[Recorded data]

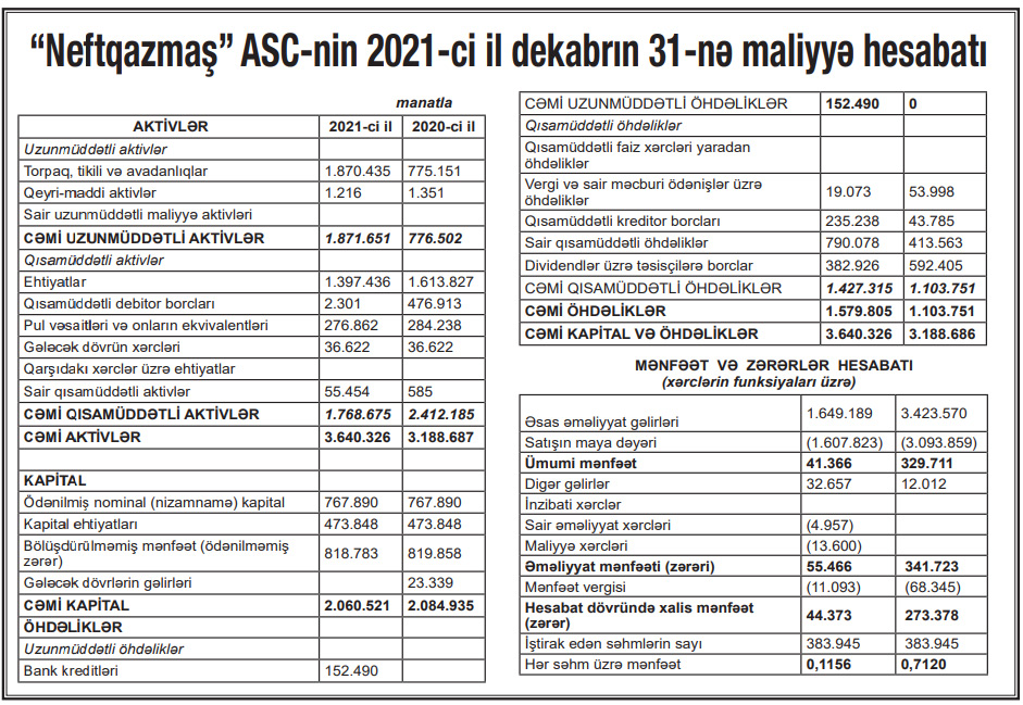 “Neftqazmaş” ASC 2021-ci ili 44 min 373 manat xalis mənfəət ilə başa vurub. Halbuki, şirkət 2020-ci ili 273 min 378 manat xalis mənfəət ilə bağlamışdı. Beləliklə,“Neftqazmaş”ın xalis mənfəəti 2020-c illə müqayisədə 2021-ci ildə 6,2 dəfə azalıb.
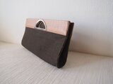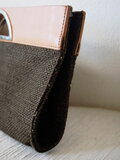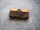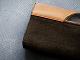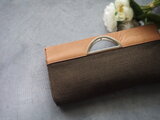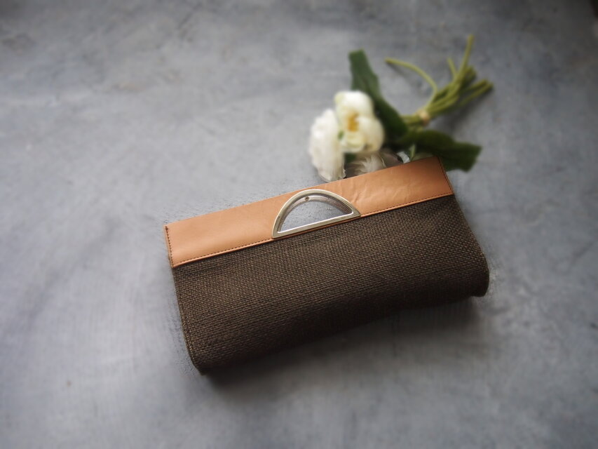 昭和レトロ 横長バック レザーリネンコンビ クラッチバッグ 和装バック バックインバック
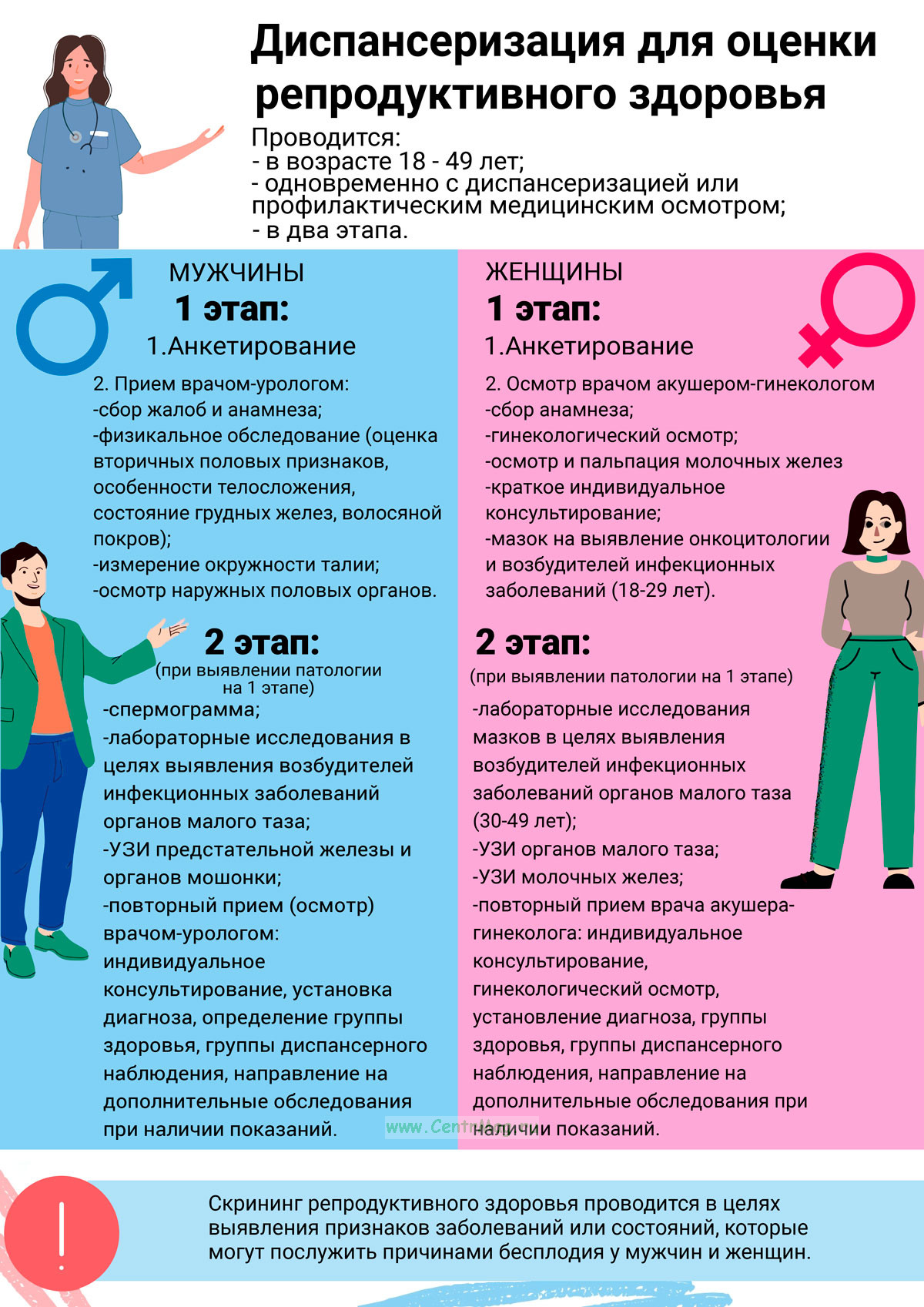Плакат информирует о важности диспансеризации для оценки репродуктивного здоровья, проводимой для мужчин и женщин в возрасте 18-49 лет. Описаны этапы обследования для каждого пола. Цель – выявление признаков заболеваний или состояний, которые могут привести к бесплодию. Плакат подчеркивает важность скрининга для сохранения репродуктивного здоровья.
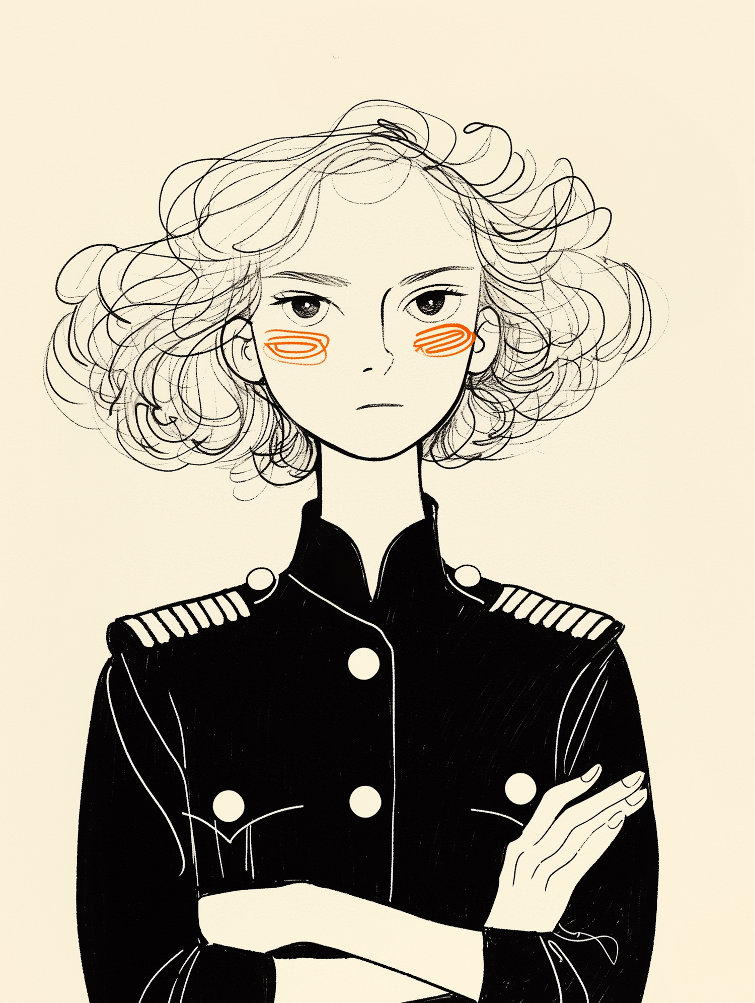 Stylized illustration of a confident figure in a military jacket with wavy hair and orange cheek markings, set against a beige background.
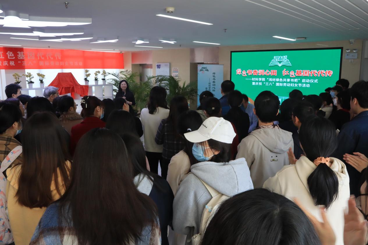 3月8日,“绿色书香润心田,红色基因代代传”—betway西汉姆联材料学院“鸿材绿色共享书吧”启动暨庆祝“三八”国际妇女节活动在5号教学楼隆重举行。betway西汉姆联图书馆馆长杨静,材料学院党委书记金海波,院长陈鹏万,党委副书记、副院长张龙泽、材料学院师生共200余人参与了此次活动,活动由材料学院副院长刘艳主持。
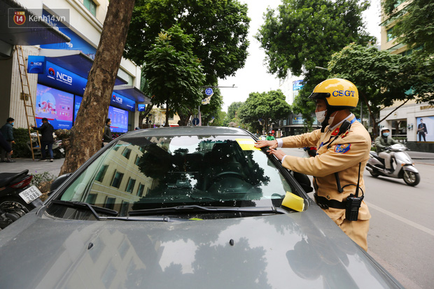 16/12/2020 01:33Ảnh, clip: CSGT Hà Nội ra quân xử lý, dán thông báo phạt nguội trên kính ô tô dừng đỗ sai quy định
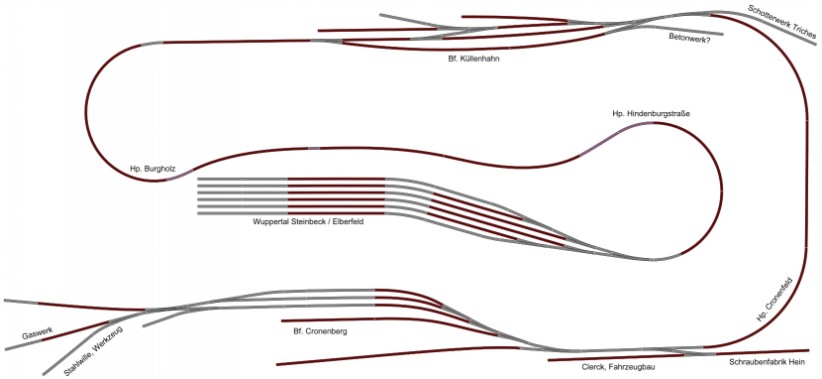 Kenner der Strecke werden bemerken, dass ich den Bahnhof Cronenberg spiegelbildlich angelegt habe und der Gleisanschluss Triches auf der falschen Seite liegt. So passt es aber einfach besser.
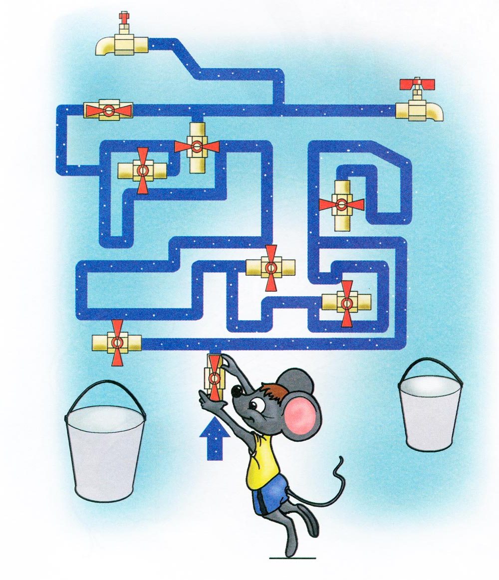 Мишеня відкрив кран і вода потекла в шланги. Які крани відкриті, а які закриті - Мишеня не знає! Допоможи Мишеняті, перевір всі шланги і крани. Звідки поллється вода? Знайди цей кран, намалюй струмінь води, підстав під кран відро і розфарбуй.
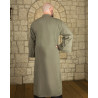 Stójka oraz aplikacje na szerokich rękawach nadają szacie oficjalny, mundurowy charakter.
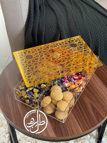 Generic - صندوق تقديم وتخزين من الأكريليك والمعدن، مقسم إلى 6 أقسام، بمقاس 91.44 × 60.96 سم، مع غطاء بتصميم أرابيسك ذهبي
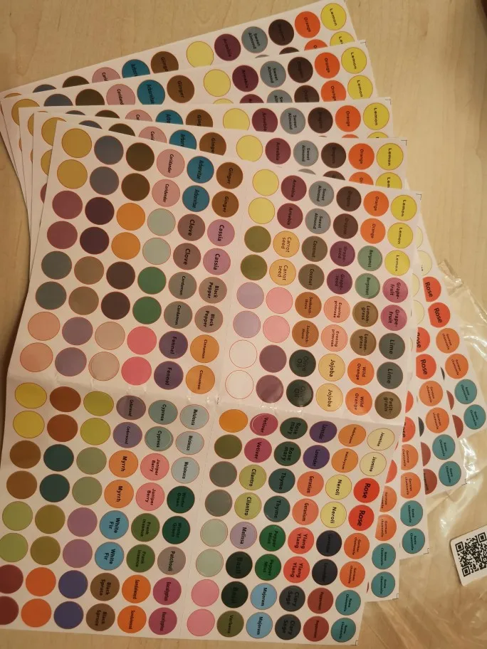 Идеально подходит для маркировки вилок в моей большой коллекции эфирных масел. Есть наклейки разных цветов и с разными именами на английском и других без имени, так что я могу написать то, что вы хотите, например, мое сочетание и сочетание. Приближается много, и я в восторге!

§ What needs to be done:
Reproduce every line above exactly as written, omitting the images.

§ Output of the exercise:
 “Neftqazmaş” ASC 2021-ci ili 44 min 373 manat xalis mənfəət ilə başa vurub. Halbuki, şirkət 2020-ci ili 273 min 378 manat xalis mənfəət ilə bağlamışdı. Beləliklə,“Neftqazmaş”ın xalis mənfəəti 2020-c illə müqayisədə 2021-ci ildə 6,2 dəfə azalıb.
 昭和レトロ 横長バック レザーリネンコンビ クラッチバッグ 和装バック バックインバック
Плакат информирует о важности диспансеризации для оценки репродуктивного здоровья, проводимой для мужчин и женщин в возрасте 18-49 лет. Описаны этапы обследования для каждого пола. Цель – выявление признаков заболеваний или состояний, которые могут привести к бесплодию. Плакат подчеркивает важность скрининга для сохранения репродуктивного здоровья.
 Stylized illustration of a confident figure in a military jacket with wavy hair and orange cheek markings, set against a beige background.
 3月8日,“绿色书香润心田,红色基因代代传”—betway西汉姆联材料学院“鸿材绿色共享书吧”启动暨庆祝“三八”国际妇女节活动在5号教学楼隆重举行。betway西汉姆联图书馆馆长杨静,材料学院党委书记金海波,院长陈鹏万,党委副书记、副院长张龙泽、材料学院师生共200余人参与了此次活动,活动由材料学院副院长刘艳主持。
 16/12/2020 01:33Ảnh, clip: CSGT Hà Nội ra quân xử lý, dán thông báo phạt nguội trên kính ô tô dừng đỗ sai quy định
 Kenner der Strecke werden bemerken, dass ich den Bahnhof Cronenberg spiegelbildlich angelegt habe und der Gleisanschluss Triches auf der falschen Seite liegt. So passt es aber einfach besser.
 Мишеня відкрив кран і вода потекла в шланги. Які крани відкриті, а які закриті - Мишеня не знає! Допоможи Мишеняті, перевір всі шланги і крани. Звідки поллється вода? Знайди цей кран, намалюй струмінь води, підстав під кран відро і розфарбуй.
 Stójka oraz aplikacje na szerokich rękawach nadają szacie oficjalny, mundurowy charakter.
 Generic - صندوق تقديم وتخزين من الأكريليك والمعدن، مقسم إلى 6 أقسام، بمقاس 91.44 × 60.96 سم، مع غطاء بتصميم أرابيسك ذهبي
 Идеально подходит для маркировки вилок в моей большой коллекции эфирных масел. Есть наклейки разных цветов и с разными именами на английском и других без имени, так что я могу написать то, что вы хотите, например, мое сочетание и сочетание. Приближается много, и я в восторге!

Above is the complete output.